This is my sister, who is about 5"6 and her 14.2-3hh Arab. He is pretty small around his barrel, making her look rather tall for him :lol: And those Cowboy boots eat her legs up, haha. But, seriously, do you think she looks to tall for him?


----------



## Country Woman (Dec 14, 2011)

Legend said:


> I am going to say about 14hh, or possible lower, depending on the horse, to about 16hh. It is really going to depend on the horses body type. Like whether he is small around his barrel, or all big and bulky.
> 
> This is my sister, who is about 5"6 and her 14.2-3hh Arab. He is pretty small around his barrel, making her look rather tall for him :lol: And those Cowboy boots eat her legs up, haha. But, seriously, do you think she looks to tall for him?


no she looks ok to me


----------



## dancer67 (Jan 28, 2012)

What about a 6'5" guy 250# or so? 17hh? Just wondering.....


----------



## feistymomma (Apr 15, 2010)

dancer67 said:


> What about a 6'5" guy 250# or so? 17hh? Just wondering.....


My dad is 6'7" and he rides a 15.2 stout quarter horse. He uses him as a civil war calvery horse.


----------



## Supermane (Sep 23, 2007)

What kind of riding do you do?
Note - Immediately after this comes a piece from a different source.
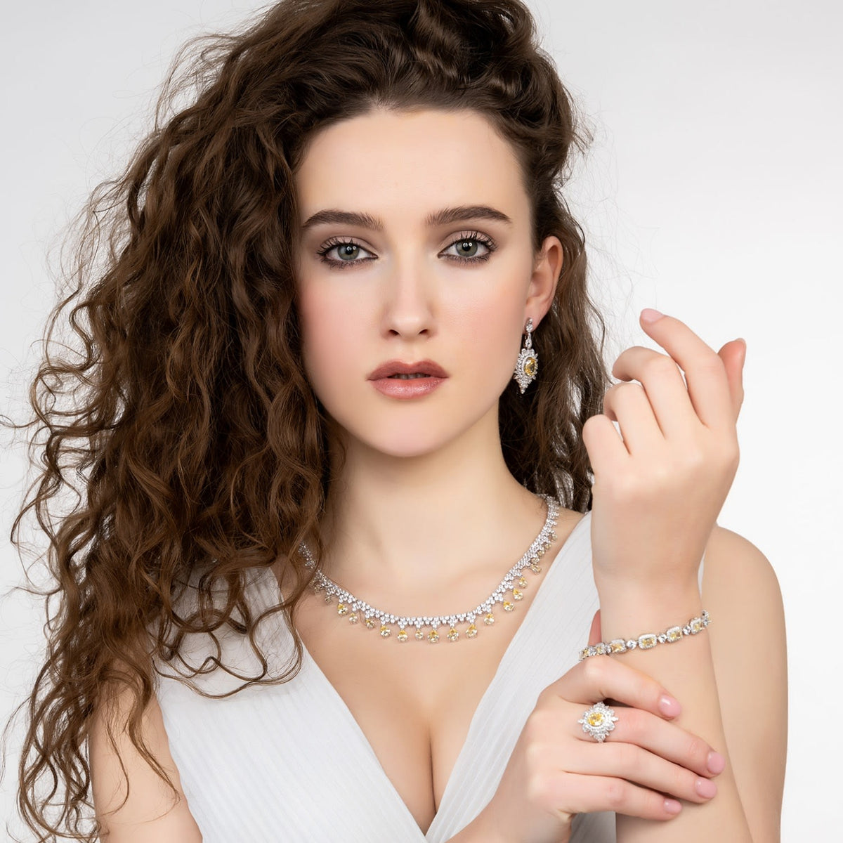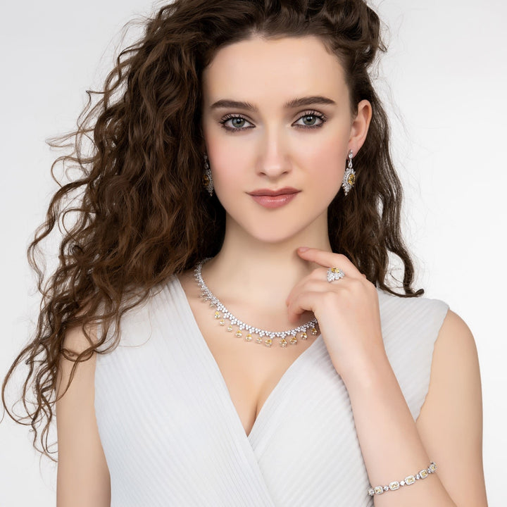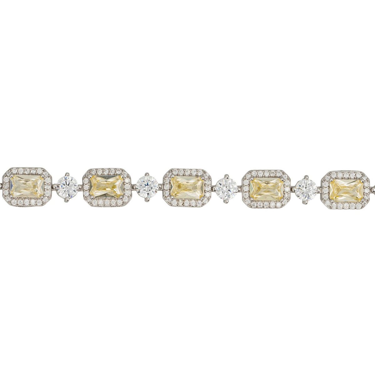 Handcrafted from 925 sterling silver, this bracelet features 12 lab-created lemon topaz gemstones and cubic zirconia.

Personally, despite being only 5'0" I wouldn't ever buy a horse under 15.3 hh. I really hate riding anything, in general, below 15.2 hh because my torso is so long and I feel like I throw them off balance when I jump if I make a slight mistake. My two personal horses are 15.3 hh and 16.0 hh and I feel like a perfect size. If you don't feel comfortable on a smaller horse than you're probably fine on a 16+ hh horse.


----------



## smrobs (Jul 30, 2008)

Dancer, what will be more important is to find a horse that is compact and sturdy. A horse with big bones in their legs, big feet, a large barrel, and a short, strong back will be able to comfortably carry much more than a horse of the same height/weight that is long backed, narrow, and has dinky little legs and feet. I just sold a 14.2 hand mustang that I wouldn't have hesitated to put you on.


----------



## Hunter65 (Aug 19, 2009)

I wouldnt worry about it. I am 5'6" and Hunter is 14.2 -.3 and carrys me fine.


----------



## xXSerendipityXx (Jan 26, 2012)

Legend said:


> I am going to say about 14hh, or possible lower, depending on the horse, to about 16hh. It is really going to depend on the horses body type. Like whether he is small around his barrel, or all big and bulky.
> 
> This is my sister, who is about 5"6 and her 14.2-3hh Arab. He is pretty small around his barrel, making her look rather tall for him :lol: And those Cowboy boots eat her legs up, haha. But, seriously, do you think she looks to tall for him?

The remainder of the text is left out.